Social Media Is Ruining Our Minds
It also might save them
You have undoubtedly heard, the internet is bad for your brain. It can be especially damaging for those struggling with mental illness. Trolls are everywhere. Searching for information about your struggles may lead you into dark places. Websites that promote self-harm, suicide, and eating disorders abound, and many have hard-to-spot social media presences that no platform has quite figured out how to moderate: They’re arguably some of the internet’s most toxic filter bubbles. Even if you don’t wander into someone else’s stability-compromising clutches, you may end up compromising yourself; after all, search results last forever.

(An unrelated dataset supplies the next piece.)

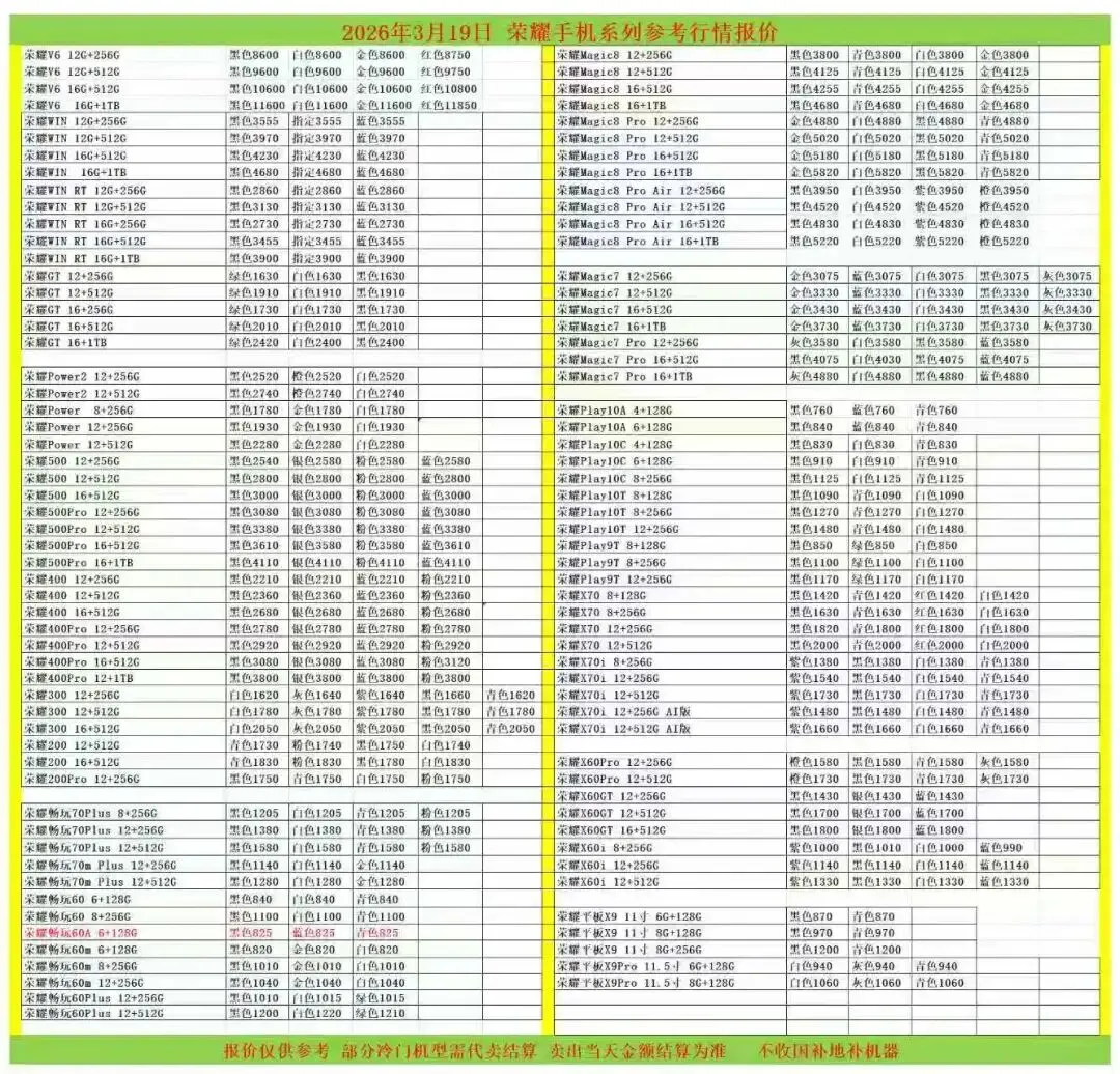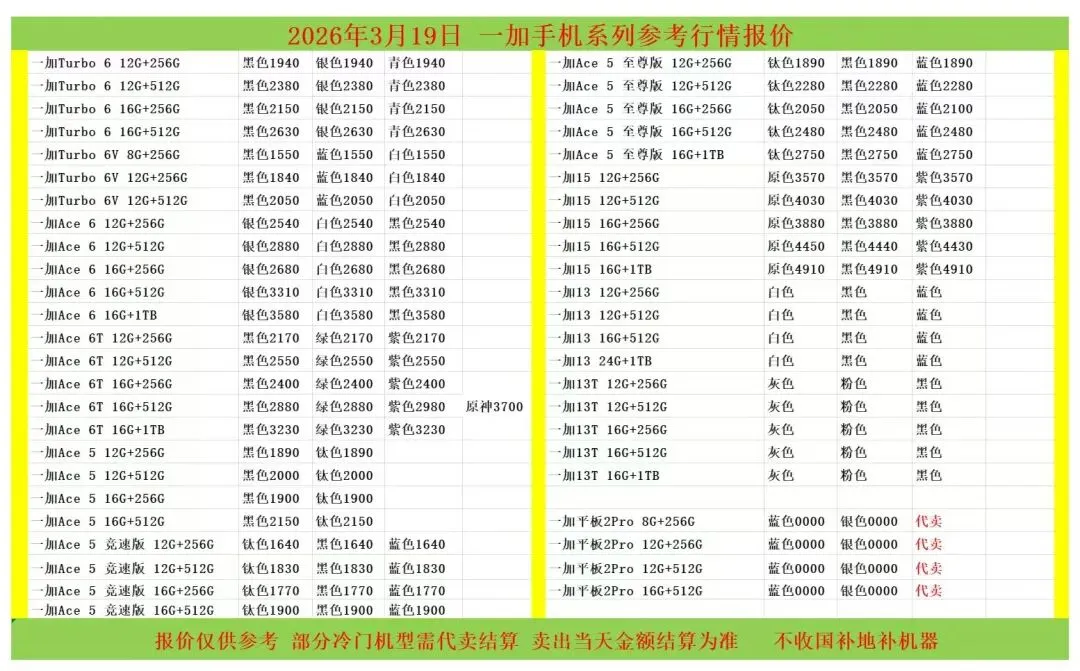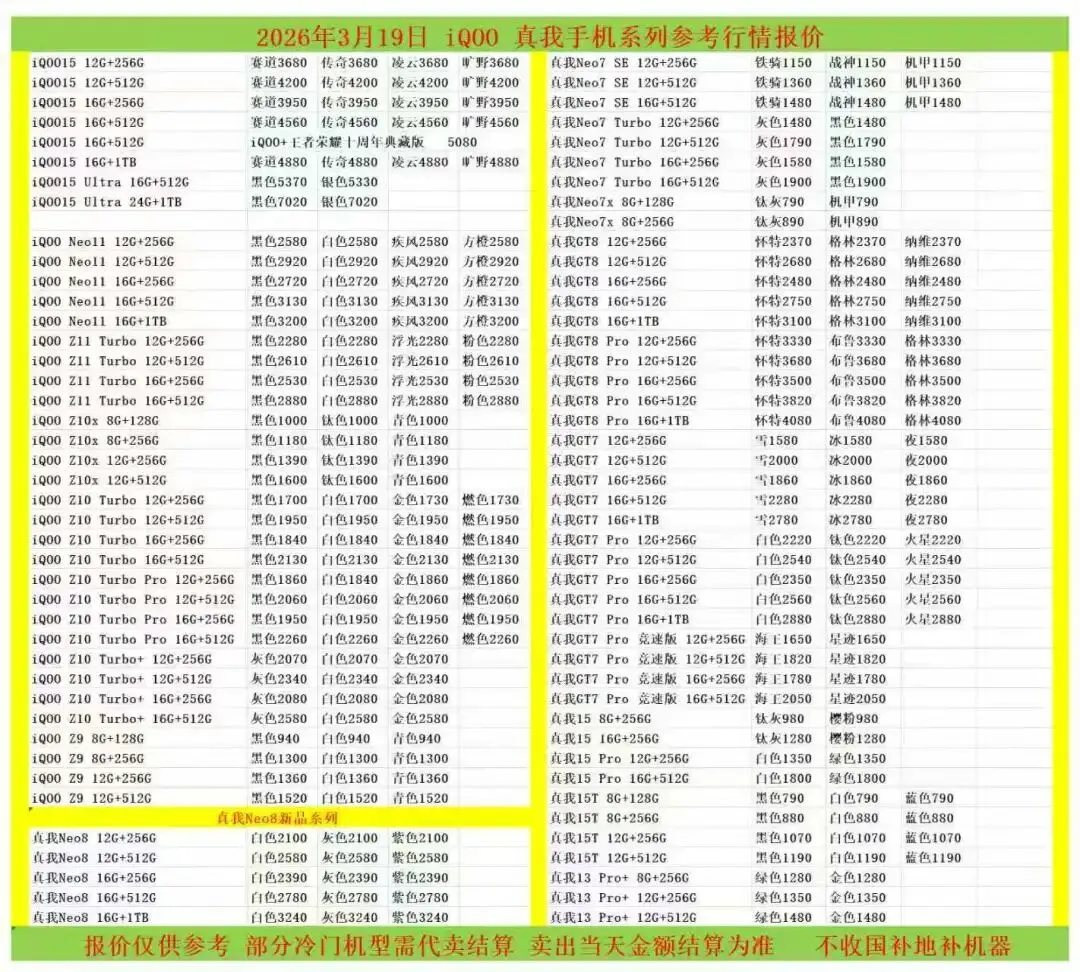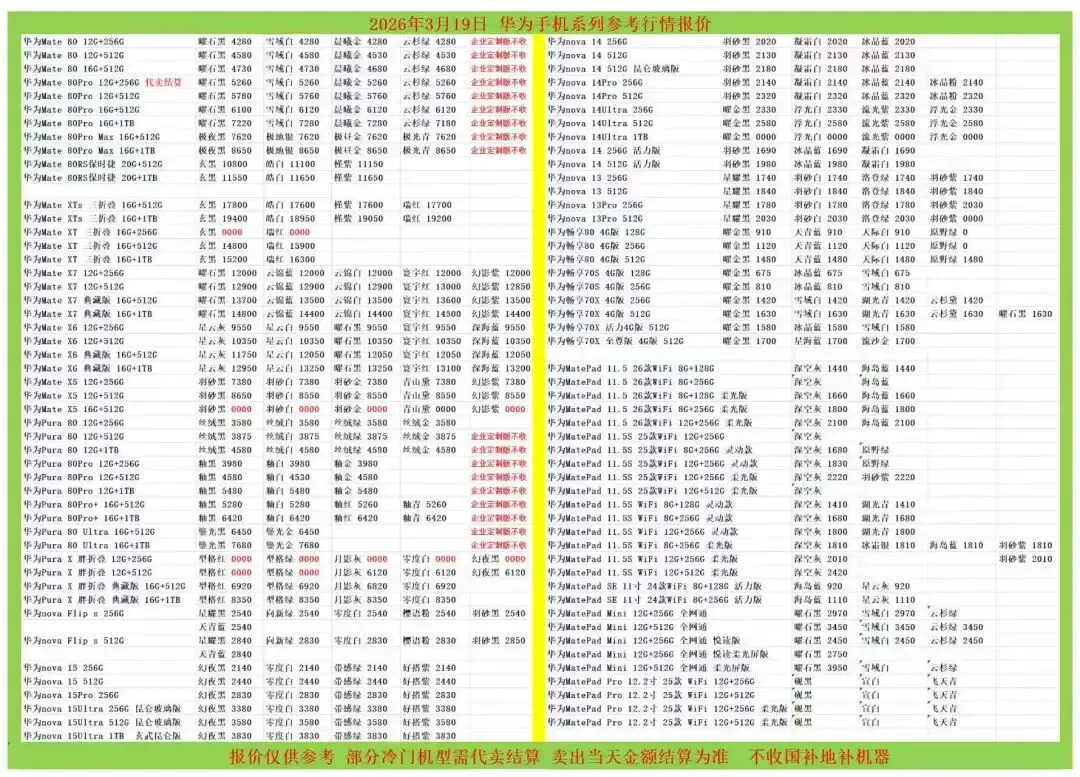 (1)二级市场为自由交易市场,价格实时波动,可能每个小时的卖价都不一样,此报价为华强北市场收货参考行情,实际结算价见公众号:鸟哥撸货数码结算价。

But telling anybody to stay offline in 2018 is impractical and myopic advice. Besides, the internet solves many of the problems therapists and other researchers have been thumping against for decades. Seeking mental health care in person comes with stigma, but it's easy to remain anonymous online. Getting to a therapist’s office can be too logistically challenging (think teens without driver’s licenses) or expensive for some. What's more, the web makes suffering searchable—painful social media posts and searches related to mental health are now indexable data.
Into that amalgam, two approaches to using the internet to save our minds have emerged: using targeted ads make people aware of services that already exist, and starting new social platforms designed to encourage peer-to-peer support. Neither is without risk.